'Kalau Jadi Karyawan Swasta, Anggota DPR Pasti Sudah Dipecat!'

| 29 Oct 2019 18:41
'Kalau Jadi Karyawan Swasta, Anggota DPR Pasti Sudah Dipecat!'
Lucius Karus (Wardhany Tsa Tsia)
Jakarta, era.id - Sudah hampir sebulan, anggota DPR RI periode 2019-2024 menjabat. Namun, anggota legislatif penghuni gedung kura-kura itu sepertinya benar-benar mengambil analogi hewan kura-kura yang berjalan lambat. Persis seperti kinerja mereka saat ini.

Karena terlalu lama dalam bergerak di awal masa jabatannya, Peneliti Forum Masyarakat Peduli Parlemen Indonesia (Formappi), Lucius Karus bahkan berkelakar, jika ada pegawai swasta yang kerjanya lambat seperti anggota DPR maka sudah pasti dia bakal dipecat dari perusahaannya.

"Para anggota DPR periode ini, sudah menjabat satu bulan tapi belum kerja apa-apa. Kalau pegawai swasta sudah dipecat itu biasanya," kata Lucius dalam sebuah diskusi di kawasan Menteng, Jakarta Pusat, Selasa (29/10/2019).

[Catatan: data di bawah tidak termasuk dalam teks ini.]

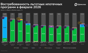 Спрос на Дальневосточную и Арктическую ипотеку (ДВиА), а также ИТ-ипотеку вырос как в отношении января 2026 года, так и год к году. Выдачи ДВиА в феврале составили 18,4 млрд руб. Это на 56% выше января 2026 и в 2,2 раза – февраля 2025 года.
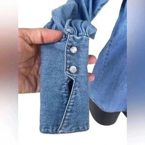 Styles togo women’s vintage denim cutout shoulders longsleeve top sz 4 preowned

Baca Juga: Melihat dari Dekat Pembuatan Tenun Maumere di Sarinah

Dia mengatakan, DPR periode 2019-2024 memang banyak menghadapi masalah pelik sejak awal mereka menjabat, yaitu demonstrasi mahasiswa yang mengkritik berbagai kebijakan DPR di akhir masa jabatan periode 2014-2019.

Tak hanya demonstrasi, kata Lucius, berbagai lobi politik alot juga disebut cukup mengganggu dan membuat para anggota DPR itu tak bisa bekerja maksimal di bulan pertama mereka menjabat. Tapi bukankah mereka sudah mencicipi gaji pertama mereka yang tak pernah terlambat turun?

Dia berharap anggota DPR yang kini menjabat harus mampu menunjukkan kesungguhannya dalam menciptakan perubahan. Apalagi di periode ini, Lucius menilai dinamika politik akan berjalan lebih kondusif dibandingkan periode sebelumnya.

"Gejolak politik akan sangat minim, khususnya karena persatuan sudah bisa dipastikan. Sehingga pekerjaan bisa dilakukan dengan leluasa," ungkapnya.

Namun, meski meminta anggota menciptakan berbagai perubahan di parlemen, Lucius pesimis bakalan ada perubahan kinerja di DPR karena mayoritas anggota legislatif adalah kader yang berasal dari partai koalisi pendukung pemerintah.

"Melihat parpol dengan segala catatan soal sepak terjangnya, belum ada tanda mereka punya kemauan untuk menempatkan anggota di parlemen dan melakukan sesuatu untuk merubah bangsa dengan dominasi parpol (pendukung pemerintah)," jelas Lucius.

Lucius juga khawatir jika parpol di parlemen justru menyepakati berbagai kebijakan yang menimbulkan kontroversi di parlemen, sebenarnya kebijakan ini bertentangan dengan pribadi anggota parlemen tersebut.

Dia kemudian menyebut, salah satu kebijakan kontroversial itu adalah revisi UU KPK yang kini telah diundangkan dengan UU Nomor 19 Tahun 2019. "Problem kita ada di Parpol," ujar dia.

Selain menyinggung soal kinerja anggota DPR dan parpol yang masih belum mendorong perubahan, Lucius berharap ada berbagai kemajuan tata kelola kelembagaan di parlemen. Tujuannya, supaya kinerja yang tak berkualitas di waktu sebelumnya tak terulang kembali.

Sehingga, dia berharap partai politik bisa berkomitmen lebih jauh untuk menjadikan DPR menjadi lembaga representatif masyarakat. Salah satu caranya adalah dengan menggunakan teknologi.

"Kemajuan teknologi sudah sangat mampu mendukung cita-cita parlemen yang terbuka dan partisipatif itu. DPR hanya perlu memperkuat komitmen serta menemukan cara untuk mewujudkan keterbukaan itu," tuturnya.